Only 11% of M&As Involve Foreign Firms

About a half of the mergers and acquisitions (M&As) carried out by domestic listed firms since 2016 were between affiliates of the same business groups.

About a half of the mergers and acquisitions (M&As) carried out by domestic listed firms since 2016 were between affiliates of the same business groups. Inter-affiliate M&As were more frequent especially among conglomerates with an asset of at least 5 trillion won.

The Financial Supervisory Service (FSS) announced on Nov. 12 that 992 M&As worth 86.3 trillion won were conducted by listed firms from 2016 to June this year. The number of M&A deals per year was between 280 and 290, with smaller M&As taking place steadily.

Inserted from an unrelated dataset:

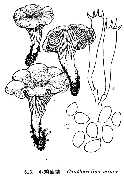 图 813 小鸡油菌 : 1. 子实体, 2. 孢子, 3. 担子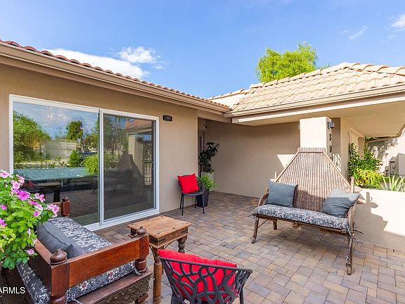 This move-in-ready, Lovely, fully remodeled, 3BD/2BA home located in Highly desirable Heritage Village II in McCormick Ranch. A unique home, designed with a beautiful entertainment kitchen, w/custom pantry, great room, gorgeous courtyard, water feature & private back patio. One of the bedrooms is custom-designed for a home office. All bedrooms have sliding door access to the back patio. Includes 2-car garage w/epoxy floors & storage. A network cabinet & wired ethernet to all rooms. ADT security system! With an extensive upgrade list this home is a must-see. This sought-after, lock-n-leave neighborhood is close to McCormick Ranch golf course, top dining & shopping. Freeway access is just minutes away. Community amenities include a Heated Pool & Spa, Trails, Tennis/Pickle ball Courts.

There was a wide variation in the value of M&A deals made per year. Last year, when mega M&As worth one trillion won or more were frequently carried out, the aggregate value of M&As reached 38.7 trillion won, but it dropped to 7.3 trillion won in the first half of this year.

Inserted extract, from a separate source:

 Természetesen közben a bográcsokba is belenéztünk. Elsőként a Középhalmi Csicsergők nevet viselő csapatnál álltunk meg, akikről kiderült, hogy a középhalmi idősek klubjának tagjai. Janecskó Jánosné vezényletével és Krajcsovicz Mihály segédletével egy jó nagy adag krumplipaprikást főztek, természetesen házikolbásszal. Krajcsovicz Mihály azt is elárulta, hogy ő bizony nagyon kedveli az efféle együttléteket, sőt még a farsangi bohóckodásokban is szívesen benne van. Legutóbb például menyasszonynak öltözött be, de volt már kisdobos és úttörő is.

By type, share transfer was the most common with 47.0 percent, followed by mergers with 28.1 percent and spinoffs with 13.3 percent. Firms in the KOSDAQ accounted for 65.5 percent and firms in the KOSPI 30.8 percent. By industry, the manufacturing industry accounted for 48.3 percent, the non-manufacturing industry 39.7 percent and the financial industry 12.0 percent.

Inter-affiliate M&As accounted for 402 cases, about 49.5 percent of the 812 cases which excluded 132 spinoffs and 48 SPAC mergers from the total 992 M&As from 2016 to June this year. Especially, up to 76.2 percent of the inter-affiliate M&As were conducted by conglomerates. “Conglomerates have used M&As for internal reorganization,” the FSS explained.

M&As with foreign companies made up 11 percent of total share and business transfer transactions. However, some conglomerates’ large-scale M&A deals with foreign companies from 2016 to June this year -Samsung Electronics’ acquisition of US firm Harman, SK Hynix’s participation in the consortium that purchased Japan’s Toshiba Memory and KCC consortium’s acquisition of US firm Momentive- were not included in the statistics because they did not submit a relevant report on the ground that their acquisitions were worth less than 10 percent of their total assets.

“In order to boost our economy through M&As, M&A deals with external firms should predominate ones made between affiliates,” said the FSS, adding “Especially big companies should play an important role in launching new businesses and securing new growth engines.”